というわけで角川文庫から再録アンソロジーが発売になるよ!
タイトルは10代のための新名作 君が見つける物語 スクール編です。
私の収録作品は『檸檬のころ』から「たんぽぽのわたげみたいだね」です。
発売予定日は本日25日、地方によって誤差あり、です。

私も半分以上読みましたが(今読んでる途中ですが)
正直「10代」って広くとったな……と思いました。
本が好きな11歳から、本なんて触りたくない16歳辺りまでが
メインターゲットかもしれません。
高校生で本好きとかだったら、自分で好きな本を探すほうがいいかな!
なにしろ全ジャンルごった煮、みたいな感じなので。
いや、ごった煮状態を否定するわけではなくてですね、
本当に「本読めって言われるけど、何読めばいいのか見当もつかねーよ!」
みたいな人には、ごった煮こそいいんだろうなと思います。

実際私は10代のころ、一般文芸で何読めばいいのかわかんなすぎて
小6から高2くらいまでラノベラブ☆ だったし!
(まーそれでいいじゃんって気もするんですけど)

「スクール編」のほか、「放課後編」も同時発売、
たぶん他のテーマも順次刊行されていきます。
お楽しみに!(自分はここまでなので無責任に言っとく)

しかし、再録アンソロジーってもっとあってもいいと思いませんか。
まあ漫然とつぎはぎ再出版状態になったら気持ち悪いでしょうけど!
『温泉小説』






とかは、書店で見て
素敵だなって思いました(すみません読んではいません)。
こういう、骨組みがしっかりしてて水準も高そうな
アンソロジーなら、いっぱい読みたいですけどね。
権利とかめんどくさいことがあるんでしょうか。
私は今回なにもめんどくさいことはありませんでしたが
(他社の文庫に再録をご快諾下さった幻冬舎さんに感謝します)。

今日からの角川さんを皮切りに、
各社「夏の文庫フェア」が始まるようですね。
地方でも各社100冊並ぶのかな~?
東京を出て初めての夏フェアなので、店頭がどうなるのか気になります。
by refri5erat0r | 2008-06-25 11:27 | 旧・告知

人間補欠合格(6/18)

こんにちは。
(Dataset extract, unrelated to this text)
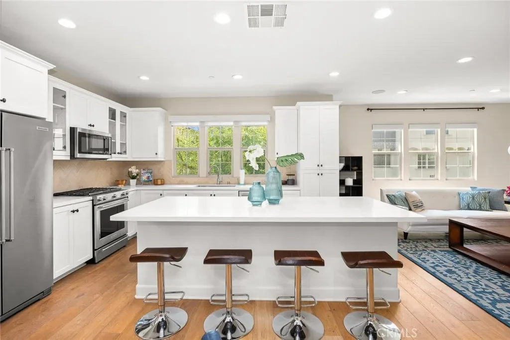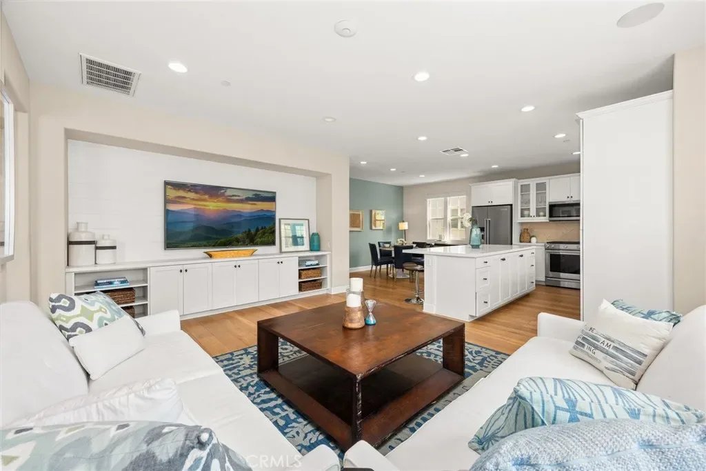From the moment you step inside, you’ll notice the attention to detail and elevated design throughout. The home features top-of-the-line appliances in a modern, chef-inspired kitchen, perfect for both everyday living and entertaining. The living room is enhanced by custom-built cabinetry surrounding the TV area, creating a stylish and functional focal point.

豊島ミホです。

太宰の「人間失格」を読みまして。3読目。

別に心動かされなかった自分にびっくりした……!
21歳の時(2読目)の心の震えっぷりはどこへ。

ちなみに桜桃忌にあわせて読んだのではないです。
どっちかっていうとアキバの通り魔事件からの連想。
犯人が青森の人だったからと、あと、
「『人間失格』読め……!」ってちょっと思ったから?

以前読んだ時に必死で私的な日記に抜き書きした部分とか
「ココからココまで」ってはっきりとわかるのに
それを抜き書きした自分が他人のようにしか感じられない。
君はそう思っているんだね……ふうん、みたいな。

いやむろん、文章がうめぇ……溶けそうなほどうめえ!
って箇所はありましたけれども(第二の手記最後の一文とか)、
技巧の問題じゃなく個人的な共感度数ではかなり読んだっけなかったです。

でも、「なんだこんなものか」と冷めた感想を得たわけではなく、
「太宰の季節を過ぎた俺やべえ!」と本気で焦っている今!
最近、ショッピングセンターではしゃぐ女子中学生を見ては
「私も年とったな……」と感じることが多かったのですが
外見だけじゃなく中身も年とってしまった!

しかもその現象は成長ではなく老いのよーな気がする。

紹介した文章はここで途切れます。